Be especially mindful of setting yourself expectations for something that you can’t predict or control. Life is constantly changing.
TOP TIP: It’s one thing to think realistically, and another to think pessimistically.
6. Be kind to, patient to and accepting of yourself
Practice some self-compassion and self-acceptance. Self-compassion involves telling our inner critic to be more kind and supportive towards you. Self-compassion is a healthier motivator than your negative inner critic. Being more kind to yourself strengthens your resilience against negative events, allows you to view events more positively and helps you to become a better problem-solver.
TOP TIP: Be to yourself who you would aspire to be to someone else.
7. Allow yourself only one time of the day to have negative thoughts
Set yourself a time limit and a specific time of the day where you allow yourself to succumb to the negative thoughts.
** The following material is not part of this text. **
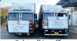
बॉन्डेड ट्रकिंग सर्विस

फोन : 011-41222500/600/700 | वेबसाइट: www.concorindia.co.in | ईमेल : investorrelations@concorindia.com
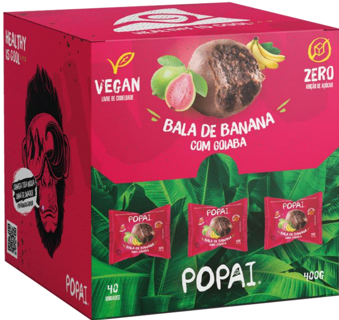
Display de 40 UND

Validade: 180 dias EAN: 7898962761908 EAN Display: 7898962761953 DUN: 17898962761950 Display com 40 unidades Caixa com 6 displays

During this time there are no rules. You can think about as many negative thoughts as you like, review and repeat them as often as you see fit- as long as it is within the time frame allocated.
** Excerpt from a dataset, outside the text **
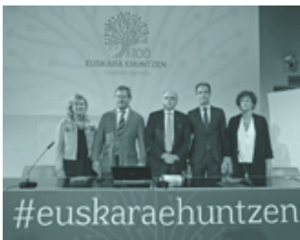
Irailan, Donostian, hizkuntzen estandarizazioa eta ingurune digitalari buruz egindako jardunaldi akademikoaren hasiera ekitaldia

If you find yourself having a negative thought at a time outside your “negative thinking time”, write it down and remind yourself you can only revisit that thought at your “negative thinking time”.
Over time you may notice a couple things: 1) you will have more control over your thoughts, 2) the negative thoughts will no longer be relevant to think about during the “negative thinking time” and 3) the negative thinking spiral will wane off
TOP TIP: “Park” your negative thoughts for later.
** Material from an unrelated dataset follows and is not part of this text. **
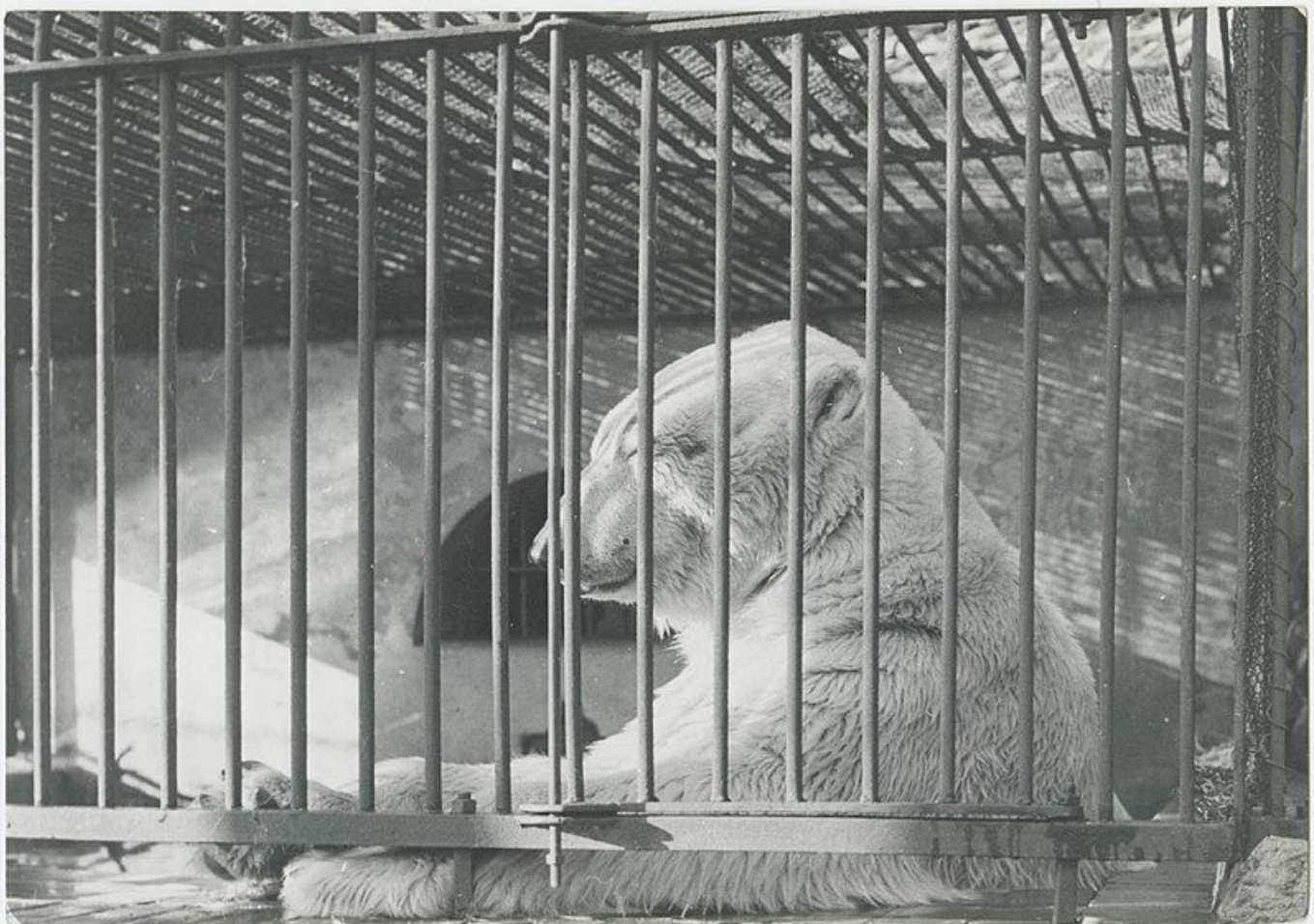
Fotografia wykonana w łódzkim ZOO przedstawia białego niedźwiedzia w klatce. Zdjęcie Ignacego Płażewskiego z

Pierwszymi zwierzętami były jelenie, sarny, owce i kaczki, a ponieważ ogród funkcjonował niezmiennie przez okres okupacji, do końca wojny wzbogacił się o 117 nowych gatunków, w tym o zwierzęta egzotyczne, takie jak słoń, tygrys, lwy, hieny, wilki, pawiany. Nieustająco rozbudowywano infrastrukturę, a w początkach lat 50. XX wieku ogród powiększono o 7 ha. Powstały: dział ptaków, zwierząt kopytnych, drapieżnych i małą, a w kolejnych latach jeszcze: dział małych ssaków (1954), akwarium (1956), wiwarium (1956), wybieg dla dzikich kotów (1968), niedźwiedziarnia i żyrafiarnia (lata 80.). W latach 90. i w ostatnich dekadach poczyniono szereg inwestycji, m.in. w akwarium, pomieszczeniach dla jeleni, zbudowano ptaszarnię, motylarnię i wiele innych udogodnień. Obecnie teren przebudowywany jest pod nowoczesne Orientarium, które pozwoli podziwiać egzotyczne zwierzęta i rośliny w nowych komfortowych warunkach, przy pomocy nowoczesnych rozwiązań.

8. Reframe your negative thoughts into positive ones
There is no such thing as stopping negative thinking. Instead, we can actively replace and reframe our negative thoughts into ones geared towards growth and learning.
So instead of thinking “I’ve failed”, you can reframe it as “There is something in what I do that doesn’t work, and once I find it out, I have more chances to succeed”. How is that?
When reframing your negative thoughts, keep your goals in mind. What do you want to achieve? Also, find things you love, enjoy and appreciate.
TOP TIP: If you find it a bit more challenging to reframe your negative thoughts, imagine yourself as a loved one. What would your best friend/partner/parent/sibling say to you if you voiced that negative thought? Use that answer to help yourself reframe your thoughts.
9. Use affirmations
Feel grateful for the day and everything life has to offer. Keep yourself a diary where you write down daily affirmations. If you find yourself thinking negatively, open up your journal of affirmations and read one out loud. Think of a success you had or something you are grateful for. Importantly, remember how it felt.
TOP TIP: Make sure to practise these affirmations every day so that you can develop a new habit and replace the old negative thinking pattern habit.
10. Get active
Channel your negative thoughts into an activity. When you feel/see yourself getting stuck in your head- in your thinking, get into your body. Get moving.
We all have times where we think negatively. And that’s okay. It’s okay to occasionally have negative thoughts. Things can go wrong or against our expectations sometimes. However, we need to be careful not to get used to thinking negatively all the time and letting these negative thoughts become a pattern that tears us down. When we allow negative thoughts to take control, we have less space and time to enjoy ourselves and be grateful for all the things that do go right in our lives.
Overcoming your negative thinking pattern, like all good things, takes time and practice. Applying these tips regularly will strengthen your resilience and provide you with the support you need to deal with your negative thinking. Keep practising. Over time, it will get easier. Be patient, you can do this!
As a final remark, you are not your thoughts. Your thoughts are nothing more than a thought.